Однажды жарким днем я нашел на земле кувалду, оплетенную длинными сорняками. Это случилось в саду заброшенного блочного дома, где я бродил, не зная, куда себя деть. Само строение сгорело еще с полгода назад. Я стоял в почернелой гостиной с разрушенным потолком и выгоревшим полом. Одна перегородка осталась цела: в центре ее виднелось сервировочное окошко, соединяющее гостиную с кухней. Одна деревянная дверца его еще висела на петлях. На кухне у стены чернели остатки водопроводных труб и розеток, на полу лежала разбитая раковина. И во всех комнатах пробивались сквозь щели, борясь друг с другом за свет, сорные травы. В большинстве брошенных домов все, кроме мебели, осталось в порядке на своих местах, и каждый предмет словно говорил тебе: вот здесь люди ели, здесь спали, здесь сидели. Но на этом пепелище порядка не было — все исчезло. Бродя по зияющей, выжженной пустоте, я пытался представить себе паркет, шкафы, картины, стулья, швейную машинку. Мне нравилось, какими мелкими и незначительными кажутся сейчас эти предметы. В одной комнате между почернелыми, обугленными балками застрял матрас, и над ним нависал полуобвалившийся потолок. Люди, спавшие на этом матрасе, думал я, воображали, что они в спальне. И верили, что всегда так будет. Мне представилась моя собственная спальня, спальня Джули, матери — что, если с ними случится то же самое?

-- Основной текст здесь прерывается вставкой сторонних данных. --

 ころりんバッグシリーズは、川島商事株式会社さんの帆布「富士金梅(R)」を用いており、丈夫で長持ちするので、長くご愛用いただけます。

Размышляя об этом, я забрался на матрас, а с него — на край обрушенной стены и тут заметил в траве ручку кувалды. Я спрыгнул вниз и подобрал ее. Под увесистой железной головкой ее жили мокрицы: теперь они в слепом смятении бегали взад-вперед по своему крошечному клочку вселенной. Я опустил на них молоток и ощутил, как сотряслась земля под моими ногами.

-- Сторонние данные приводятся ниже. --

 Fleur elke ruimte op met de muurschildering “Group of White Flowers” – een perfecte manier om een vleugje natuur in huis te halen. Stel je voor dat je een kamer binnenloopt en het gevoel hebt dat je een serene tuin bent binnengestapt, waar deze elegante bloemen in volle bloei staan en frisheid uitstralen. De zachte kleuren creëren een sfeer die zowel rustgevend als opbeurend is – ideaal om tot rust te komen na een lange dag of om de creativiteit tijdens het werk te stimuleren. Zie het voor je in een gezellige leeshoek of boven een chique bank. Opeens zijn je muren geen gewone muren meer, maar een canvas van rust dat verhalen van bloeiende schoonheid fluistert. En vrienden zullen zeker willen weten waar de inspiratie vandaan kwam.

Должно быть, его потеряли здесь пожарные или рабочие, сносившие квартал. Отличная находка. Я взвалил его на плечо и понес домой, прикидывая, что бы такое им раздолбать. Каменная горка в саду осыпалась и разрушалась без посторонней помощи. Мощеные дорожки никто не подновлял, они потрескались, из щелей лезла трава. Но оставалась цементная дорожка — пятнадцать футов в длину и пара дюймов в толщину. Никакой пользы от нее не было. Я разделся до пояса и принялся за дело. С первого удара от дорожки отлетел маленький обломок бетона, но следующие не принесли ничего — даже трещин. Я передохнул и начал бить снова. На этот раз, к моему удивлению, в камне появилась глубокая трещина, и вполне приличный кусок бетона откололся и отлетел в траву. Он был тяжелым, примерно двух футов в ширину. Я оттащил его к забору и уже собирался снова поднять молоток, но тут за спиной у меня послышался голос Джули:
— Хватит.
На Джули был ярко-зеленый купальник. В одной руке она держала журнал, в другой — солнечные очки. С этой стороны дома царила глубокая тень. Я поставил кувалду между ног, опираясь на ручку.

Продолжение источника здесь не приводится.